--- What to produce ---
Would you please output, word for word, the span of the listing below that opens on the line containing "A211顺利举办。本次讲坛特" and closes on the line containing "Ankara siyasetinin önemli"? Include both ends and nothing more.

--- Data provided ---
= Beginning of Section =

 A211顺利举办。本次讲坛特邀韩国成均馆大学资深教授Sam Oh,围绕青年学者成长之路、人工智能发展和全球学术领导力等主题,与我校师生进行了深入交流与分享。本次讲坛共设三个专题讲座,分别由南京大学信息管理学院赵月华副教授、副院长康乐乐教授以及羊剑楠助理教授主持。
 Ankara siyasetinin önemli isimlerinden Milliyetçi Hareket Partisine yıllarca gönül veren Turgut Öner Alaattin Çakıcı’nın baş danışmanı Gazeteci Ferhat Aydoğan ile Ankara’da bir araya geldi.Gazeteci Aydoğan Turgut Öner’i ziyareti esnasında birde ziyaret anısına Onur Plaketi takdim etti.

= End of Section =
= Beginning of Section =

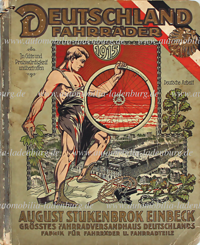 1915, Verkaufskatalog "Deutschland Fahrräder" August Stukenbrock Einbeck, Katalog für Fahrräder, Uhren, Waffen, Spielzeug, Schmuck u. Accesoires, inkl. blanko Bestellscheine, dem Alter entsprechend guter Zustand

= End of Section =
= Beginning of Section =

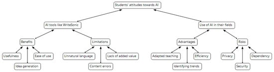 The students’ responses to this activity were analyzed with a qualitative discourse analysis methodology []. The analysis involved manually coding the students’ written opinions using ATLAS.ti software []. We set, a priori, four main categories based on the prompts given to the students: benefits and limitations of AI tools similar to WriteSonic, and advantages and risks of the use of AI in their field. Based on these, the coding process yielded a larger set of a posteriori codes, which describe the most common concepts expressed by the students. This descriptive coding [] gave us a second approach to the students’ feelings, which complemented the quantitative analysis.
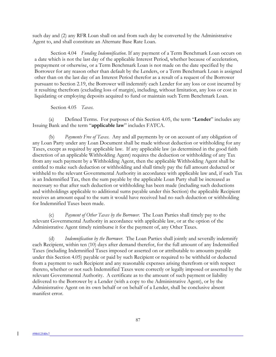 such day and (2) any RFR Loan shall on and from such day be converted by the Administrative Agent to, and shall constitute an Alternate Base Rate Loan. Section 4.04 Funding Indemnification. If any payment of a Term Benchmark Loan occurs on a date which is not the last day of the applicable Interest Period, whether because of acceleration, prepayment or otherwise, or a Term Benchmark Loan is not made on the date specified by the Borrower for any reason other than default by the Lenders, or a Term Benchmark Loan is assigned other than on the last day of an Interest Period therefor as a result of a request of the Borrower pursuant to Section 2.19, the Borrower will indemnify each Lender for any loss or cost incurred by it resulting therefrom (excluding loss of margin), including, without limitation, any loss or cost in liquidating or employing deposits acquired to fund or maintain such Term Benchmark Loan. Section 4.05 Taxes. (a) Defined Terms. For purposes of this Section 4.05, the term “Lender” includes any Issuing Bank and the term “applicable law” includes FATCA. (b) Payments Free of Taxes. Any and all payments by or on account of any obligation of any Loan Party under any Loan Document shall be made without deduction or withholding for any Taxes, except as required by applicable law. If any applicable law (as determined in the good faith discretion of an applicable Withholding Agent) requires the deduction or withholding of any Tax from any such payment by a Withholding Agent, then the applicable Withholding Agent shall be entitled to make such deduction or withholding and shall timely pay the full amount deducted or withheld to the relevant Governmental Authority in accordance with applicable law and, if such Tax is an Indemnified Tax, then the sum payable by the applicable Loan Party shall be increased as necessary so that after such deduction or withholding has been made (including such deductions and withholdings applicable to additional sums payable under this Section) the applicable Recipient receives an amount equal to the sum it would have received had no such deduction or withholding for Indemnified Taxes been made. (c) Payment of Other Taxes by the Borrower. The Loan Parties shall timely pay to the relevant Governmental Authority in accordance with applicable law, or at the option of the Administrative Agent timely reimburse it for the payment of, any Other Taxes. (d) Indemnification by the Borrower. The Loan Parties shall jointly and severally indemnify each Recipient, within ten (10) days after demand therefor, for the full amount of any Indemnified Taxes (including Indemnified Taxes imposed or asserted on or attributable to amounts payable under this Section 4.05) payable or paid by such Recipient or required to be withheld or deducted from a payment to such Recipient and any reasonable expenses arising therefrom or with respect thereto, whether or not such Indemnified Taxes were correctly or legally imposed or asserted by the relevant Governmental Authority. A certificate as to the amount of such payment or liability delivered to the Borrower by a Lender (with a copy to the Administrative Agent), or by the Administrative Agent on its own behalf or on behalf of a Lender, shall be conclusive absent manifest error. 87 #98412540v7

= End of Section =

--- Task result ---
 A211顺利举办。本次讲坛特邀韩国成均馆大学资深教授Sam Oh,围绕青年学者成长之路、人工智能发展和全球学术领导力等主题,与我校师生进行了深入交流与分享。本次讲坛共设三个专题讲座,分别由南京大学信息管理学院赵月华副教授、副院长康乐乐教授以及羊剑楠助理教授主持。
 Ankara siyasetinin önemli isimlerinden Milliyetçi Hareket Partisine yıllarca gönül veren Turgut Öner Alaattin Çakıcı’nın baş danışmanı Gazeteci Ferhat Aydoğan ile Ankara’da bir araya geldi.Gazeteci Aydoğan Turgut Öner’i ziyareti esnasında birde ziyaret anısına Onur Plaketi takdim etti.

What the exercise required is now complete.